The event and performance rules that use scripts often pass parameters to the script. A script parameter override allows you to define multiple parameters to pass to a script from a single rule. For example, the Microsoft Windows Servers Base OperatingSystem\Windows2003\State Monitoring and Service Discovery\Performance Threshold:Processor\%Processor Time threshold exceeded rule calls (Microsoft Windows Base OS CPU Overload Script) as you can see on the Responses tab in the Rule Properties (shown in Figure 4-31).

If you select the script name and click Edit, the Launch a Script dialog box appears and you can modify how the rule interacts with the script (see Figure 4-32). In the lower box, select the script parameter that you wish to enable and click Edit Parameter. Here the CpuPercentage parameter is selected.

The Edit Script Parameter page has the now-familiar Enable Overrides checkbox and the Set Criteria button. The Set Criteria button takes you to the Set Override Criteria page, which is identical to that shown in Figure 4-28. In this case, you would enter the target and value criterion of \\HOMELAB\HOMESRV02 and 75, and save the changes. The Launch a Script page updates the CpuPercentage variable with an icon (shown in Figure 4-33) to indicate that an override criterion has been specified for that parameter.

A performance threshold rule calls a script

Figure 4-31. A performance threshold rule calls a script

This rule generates an alert if the CPU utilization exceeds 95 percent

Figure 4-32. This rule generates an alert if the CPU utilization exceeds 95 percent

So now when the script runs, if the homesrv02 %CpuUtilization counter exceeds 75 percent, an alert will fire. For all other machines, the alert will fire off when the CpuUtilization counter exceeds 95 percent.

Note the icon that indicates an override has been configured; it is the same icon for all overrides

Figure 4-33. Note the icon that indicates an override has been configured; it is the same icon for all overrides

State alert severity override

Some rules contribute to the calculation of the health state of the application via the alerts that they generate. This is covered later in the "Health state roll-up" section of this chapter. The health state (as represented by green check marks, yellow warning triangles, and red X symbols) for an application or monitored computer is composed of the health of all its component parts. The best place to see these is in the State view of the Operator console.

The state alert severity override allows you to override the default values where a state alert is generated. For example, in the Microsoft Operations Manager → Operations Manager 2005 → Server rule group there is a performance threshold rule called “Performance Threshold: MOM Server Channel errors” that generates an error alert. This rule is applied to MOM 2005 management servers. It has the “Enable state alert properties” checkbox selected (point 1 in Figure 4-34).

By clicking the Edit button (point 2 in Figure 4-34) you can edit the alert severity properties. For this alert, the severity properties (Figure 4-35) show that an alert of severity Error will be generated if the number of channel errors is greater than 10.

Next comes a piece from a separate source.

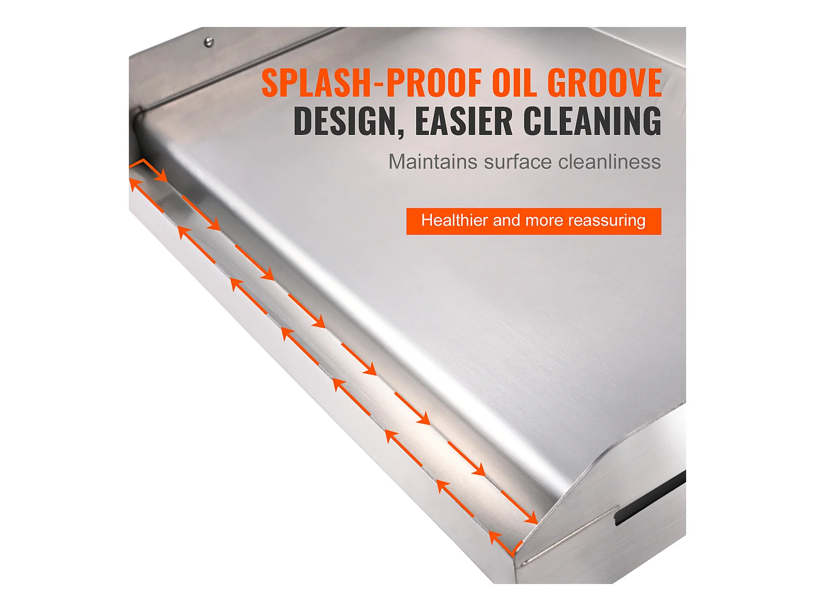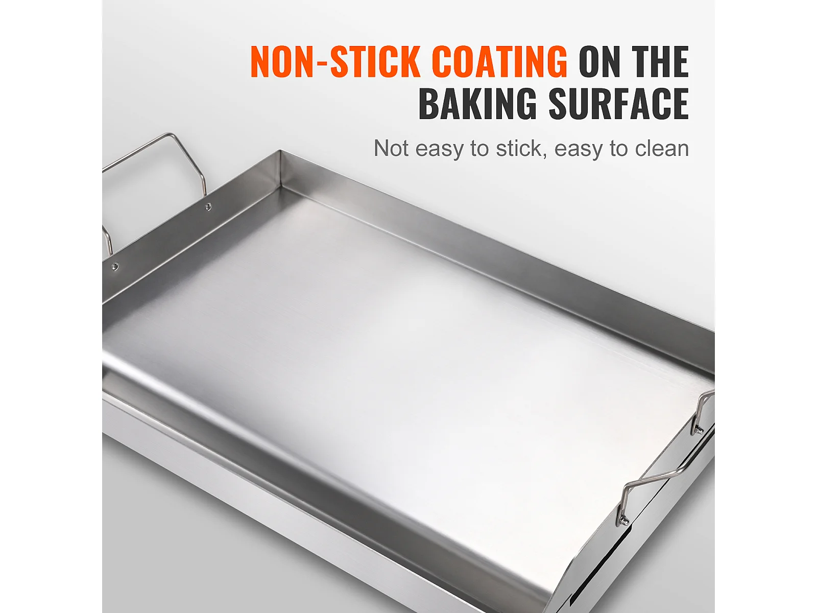Plaque de Cuisson à Dessus Plat SucceBuy, en Acier Inoxydable, 60 x 41 cm, pour Barbecue et Gril à Gaz 2 Brûleurs, Argent

State alert properties enabled on an event rule

Figure 4-34. State alert properties enabled on an event rule

The default criteria and values for generating a state alert

Figure 4-35. The default criteria and values for generating a state alert

To clarify, the value for (Value) is being collected from the performance counter and it points to the number of MOM channels, which is the number of open communications channels on a management server. If this number exceeds 10, an alert of severity Error will be generated, for example if there are multiple management servers in a management group and one needs to generate an error when the number of open channels exceeds 5, but the rest of the servers should keep the default of 10. To do this, you need to do two things:

  1. Create an override object in the Override Criteria folder in the Administrator console. It is named MOMChannelErrors and assigned a target + value pair of homemomserver3 and 5.

  2. Rewrite the formula in the Alert Severity Calculation for State Rule box to include the MOMChannelErrors override (homemomserver3 and 5) and the default value of 10.

In the Administrator console, right-click the Override Criteria folder and launch the Create Override Criteria wizard. On the Override Name page enter the name MOMChannelErrors (see Figure 4-36).

Creating override criteria

Figure 4-36. Creating override criteria

Click Next to bring up the Edit Override Criteria page, then click Add and enter the target + value pair (see Figure 4-37).

After entering the target + value pair, the Override Criteria page should look like Figure 4-38.

Creating the target + value pair for the override

Figure 4-37. Creating the target + value pair for the override

The target and value settings for the override criteria page

Figure 4-38. The target and value settings for the override criteria page

Clicking Next brings up the standard Finish page.

Now go back to the Performance Threshold: MOM Server Channel rule to the page shown in Figure 4-35 and click the Edit button. Change the formula to read AttributeValue(Value)>Override(MOMChannelErrors, “10”) as shown in Figure 4-39.

Because you have already created the override object name MOMChannelErrors, the formula automatically finds the object. Click OK three times to close the rule. Now when this rule executes, if the number of open MOM channels exceeds five on homemomserver3, an error alert will be generated. For all other management servers in the management group, the error alert will not be generated until the number of open channels exceeds 10.

Including the override object in the state alert severity evaluation formula

Figure 4-39. Including the override object in the state alert severity evaluation formula

Moving overrides from preproduction to production

The only bad part about using overrides is that while the identifying GUID will export from preproduction and import into production, the criteria will not. This is the workaround.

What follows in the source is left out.